From contributing film critic Andrew Gaudion


While Star Trek has remained a present property in the pop culture pantheon thanks to the rebooted Chris Pine-led film series, it has been 12 years since Gene Roddenberry’s creation has been on the small-screen, its format of origin. With renewed public interest and a rise in multiple platforms for production and consumption of TV, it seemed only a matter of time before Starfleet returned to television, and it’s not surprising to see Netflix be the ones to bring it to our various devices (CBS Access are responsible State-side, Netflix international). Does this new series have what it takes to boldly go and stand shoulder to shoulder with the very best of Trek TV? On the evidence of the first three episodes, the future is looking bright for this Trek and her crew.
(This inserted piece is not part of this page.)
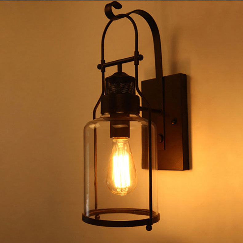 Contemporary Industrial Iron Glass Cylinder 1-Light Wall Sconce Lamp For Hallway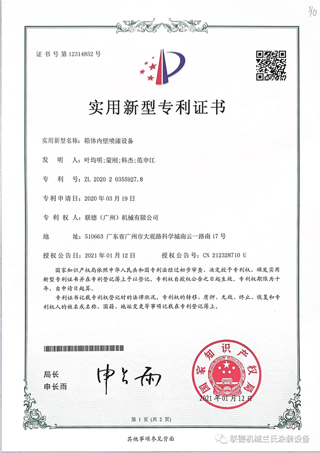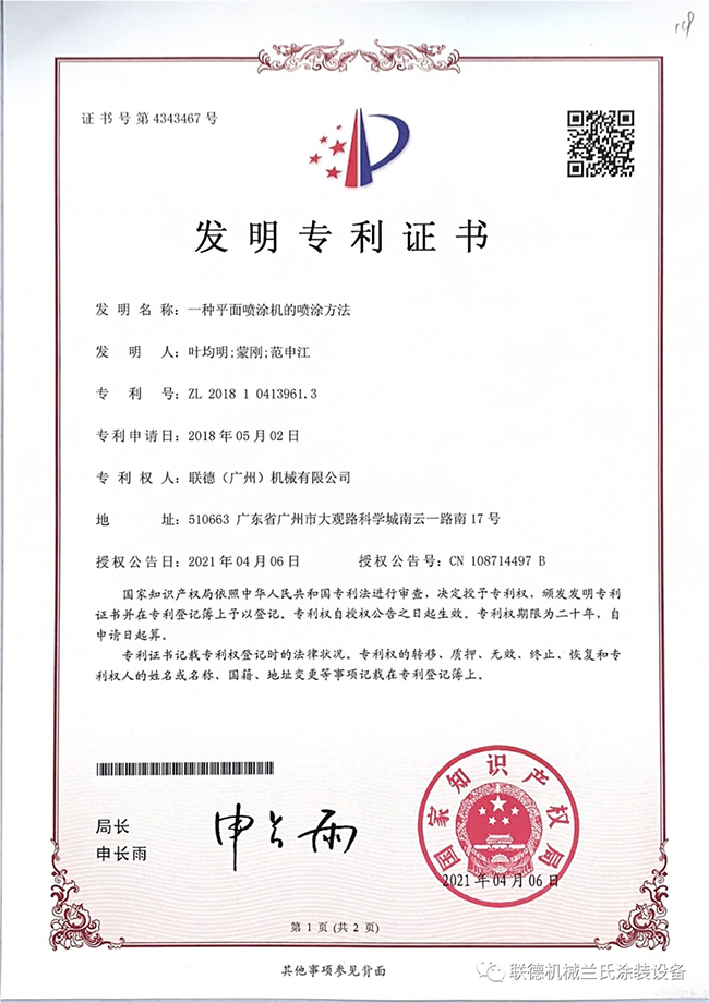 以上專利,是聯(lián)德靜電涂裝技術(shù)發(fā)展不斷提升的見(jiàn)證。

The first two episodes, The Vulcan Hello and Battle at the Binary Stars, operate as almost a two-part prequel to the main event, as it introduces us to Sonequa Martin-Green’s Michael, a human raised by Vulcans and First Officer aboard the USS Shenzhou under Captain Georgiou (Michelle Yeoh). When their vessel comes face to face with Klingons, the first time any Starfleet vessel has come across the volatile alien race for many years, First Officer and Captain clash over the correct course of action, leading to a stand-off with the Klingons that results in tragedy and the establishment of a Cold War between the United Klingon Clans and the Starfleet Federation.
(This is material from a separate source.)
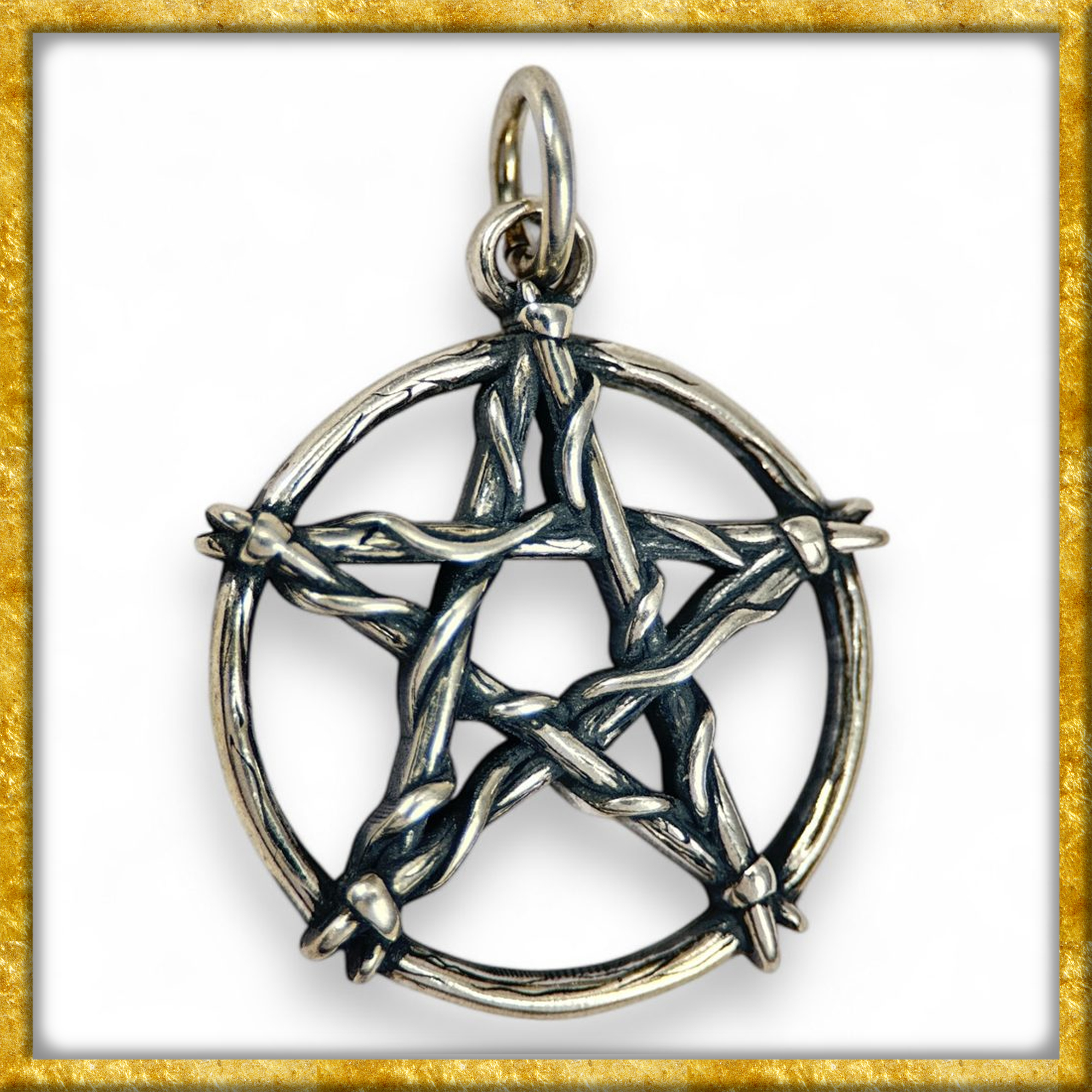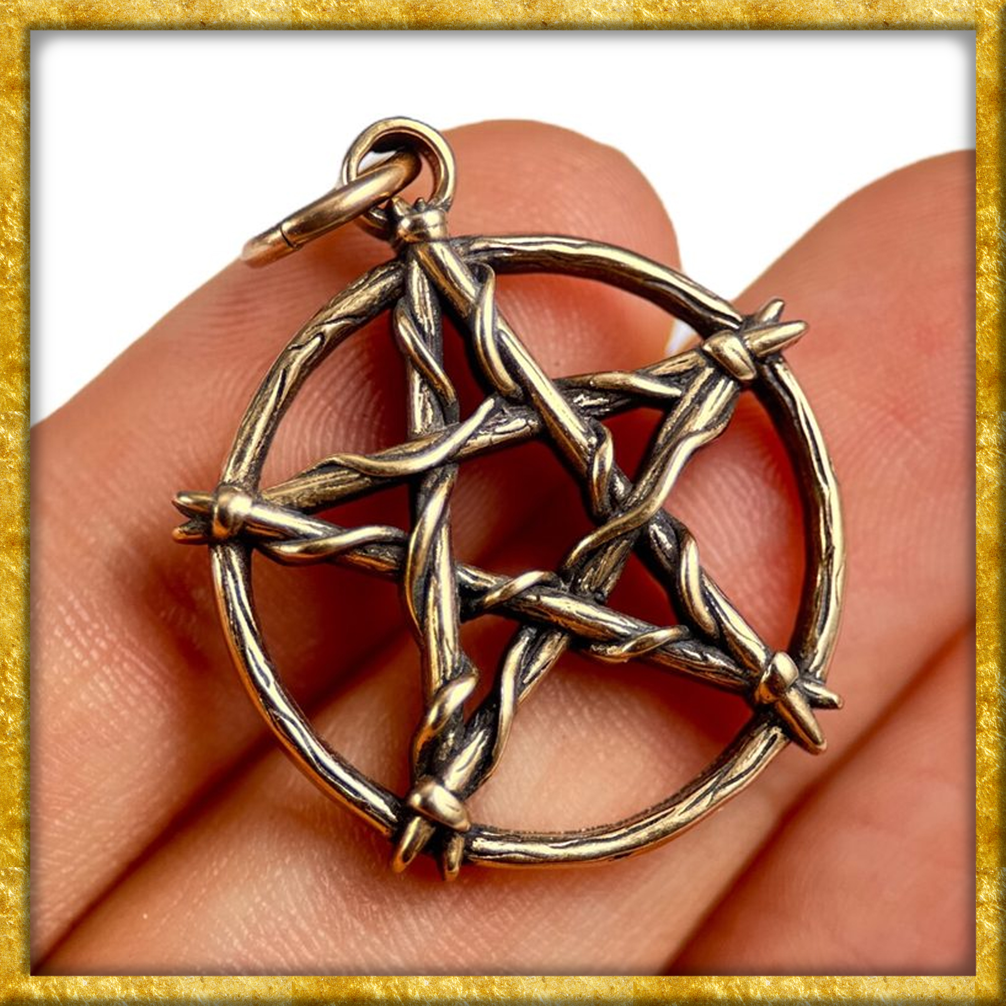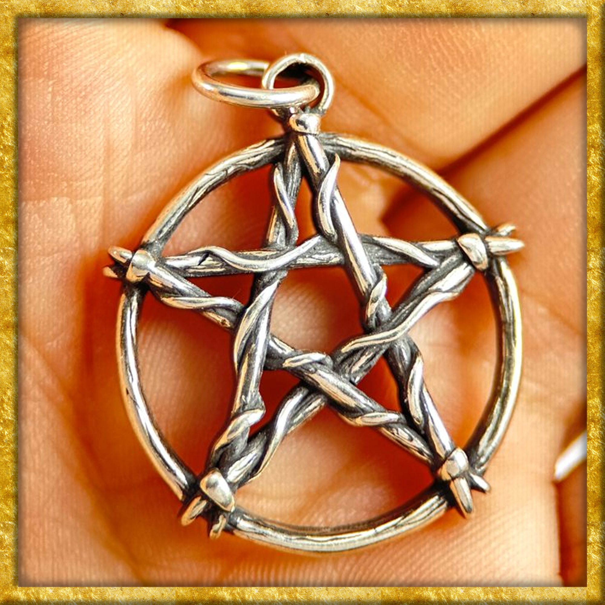 Dieser ausdrucksstarke Anhänger aus hochwertigem 925er Sterlingsilber oder edler Bronze zeigt eines der ältesten und kraftvollsten Symbole der Menschheitsgeschichte. Das kunstvoll umschlungene Pentagram ruht harmonisch in einem Kreis und steht seit jeher für Schutz, Balance und die Verbindung der Elemente. In vielen mittelalterlichen Kulturen galt dieses Zeichen als mächtiges Schutzsymbol und als Ausdruck von Wissen, Naturverbundenheit und innerer Stärke.

These first two episodes initially are very clunky when it comes to establishing the crew of the Shenzhou, ladling exposition in a somewhat un-sophisticated manner. Once it is has the characters and their situation established though, the show begins to shift into something which feels engaging and, perhaps most importantly, fresh to Trek.

This is particularly the case with the new lead character Michael. Her mix of human and Vulcan heritage may not be entirely new to Trek, but her human temperament and position within Starfleet brings to light a very different model of First officer that we are used to in Trek. Behind the veneer of Vulcan-raised logical, Michael exhibits a drive that is more fuelled by anger and passion than we are used to seeing on the Bridge of a Starfleet vessel. Her fierce intelligence makes her even more of a force to be reckoned with. It means that our main character in this series is wildly unpredictable leading to moments of genuine shock and surprise. Martin-Green makes for a compelling lead, combining ingenuity with a fiery passion and great levels of charisma.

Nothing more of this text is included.